Featuring: Gabriel Ellison-Scowcroft
United Photo Industries
James Estrin and David Gonzalez, Co-Editors of the New York Times Lens Blog
The town of Las Vegas, New Mexico was founded in 1835 on a land grant provided by the Mexican government. Eleven years later, an American General marched into town to announce that New Mexico was now an American territory. There isn’t a tidy narrative about how Las Vegas’ people have become part of the American fabric. It is a layered place with a complex history of different cultures coming, or being forced, together — of friction between languages, of discrimination, and of economic disparity. For a brief time, Las Vegas was one of the largest and most important cities in the American Southwest, but its population is now shrinking rapidly as young people leave to find opportunities elsewhere. Most older Las Vegans have inherited the slow-spoken Spanish of northern New Mexico, but the language is in danger of disappearing. Catholicism predominates and sects like the Los Penitentes brotherhood are still active in the community and cloaked to outsiders. Las Vegas, New Mexico is a place that is rooted in a complex linguistic and cultural history where the boundaries of identity are fluid and intricate, but it is also as American as any small town in the country.
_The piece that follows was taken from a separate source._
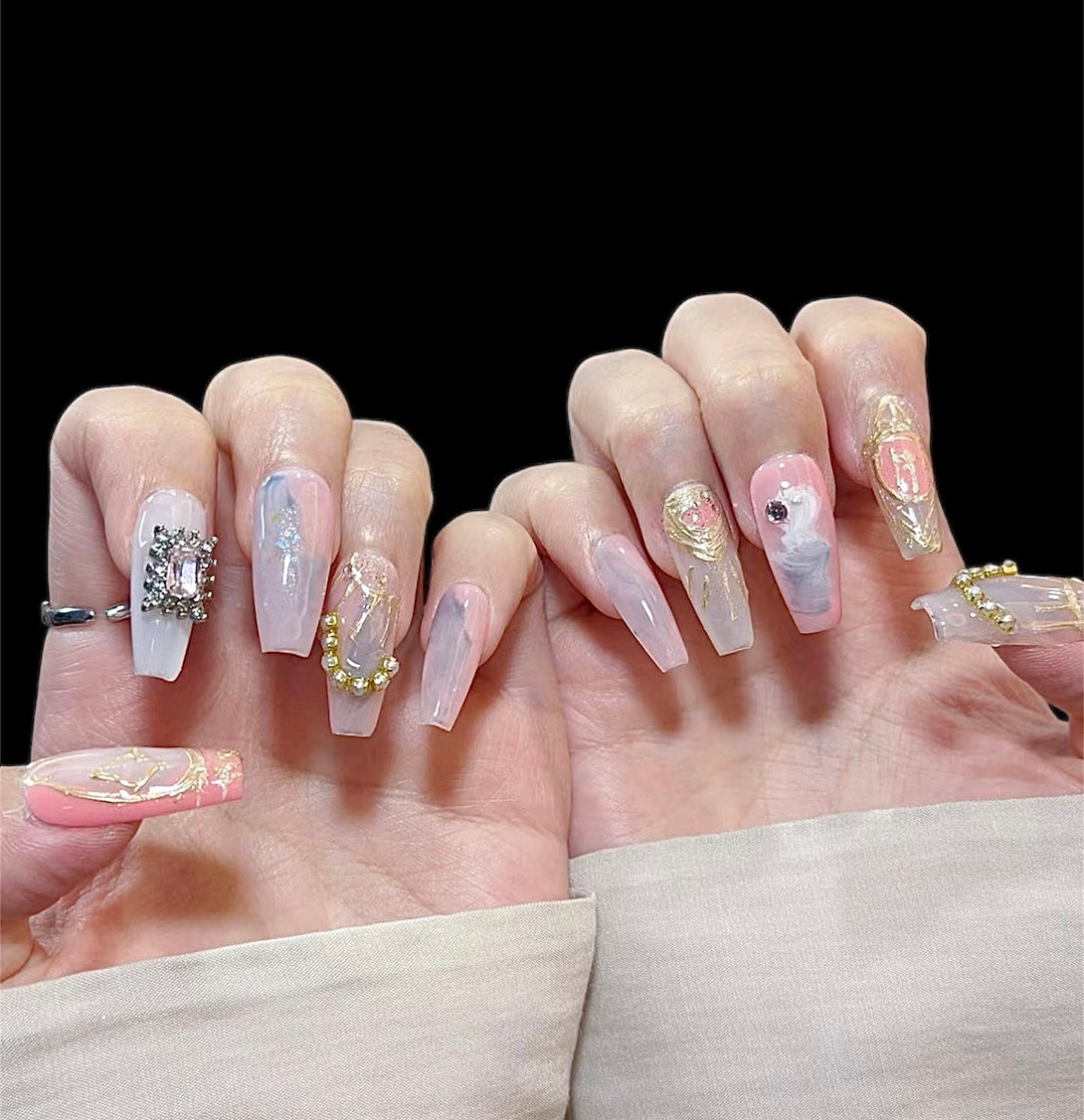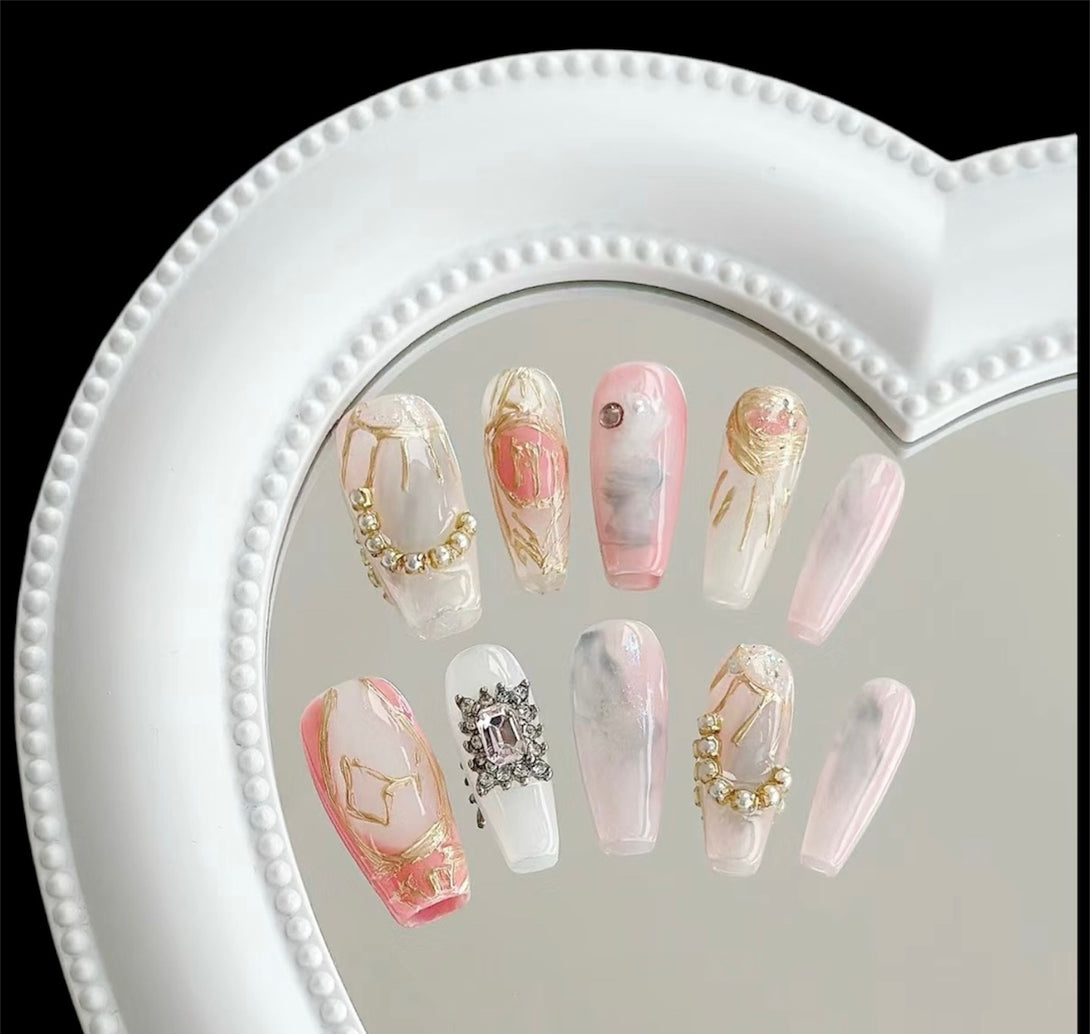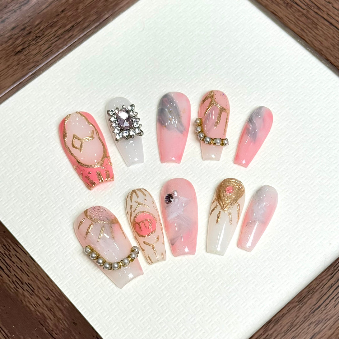 Virgo by Diary Nails is a set of press-on nails designed with a soft blend of pastel pink and dark pink tones, representing Virgo’s elegance and attention to detail. The nails feature delicate gold zodiac motifs and intricate celestial designs, symbolizing the grounded yet ethereal nature of the sign. Adorned with pearls, rhinestones, and subtle 3D accents, these nails create a perfect balance between sophistication and understated beauty. Ideal for those who appreciate craftsmanship and timeless style, these nails celebrate Virgo's meticulous and graceful essence.

Gabriel Ellison-Scowcroft is a photographer, radio producer and writer originally from Quebec, Canada, but currently based in San Diego, California. After graduating from journalism school in Montreal and working for CBC Radio, Gabriel moved to New York City and then Southern California to pursue freelance photojournalism and radio producing. He has worked on a wide-array of stories, from investigative projects exploring student homelessness in San Diego County to long-term documentary storytelling projects such as “Las Vegas, New Mexico” to podcasts about indigenous perspectives on public land. Gabriel is particularly interested in the intersection of documentary photography and exhaustive historical research and how these two disciplines can be used to better understand contemporary realities.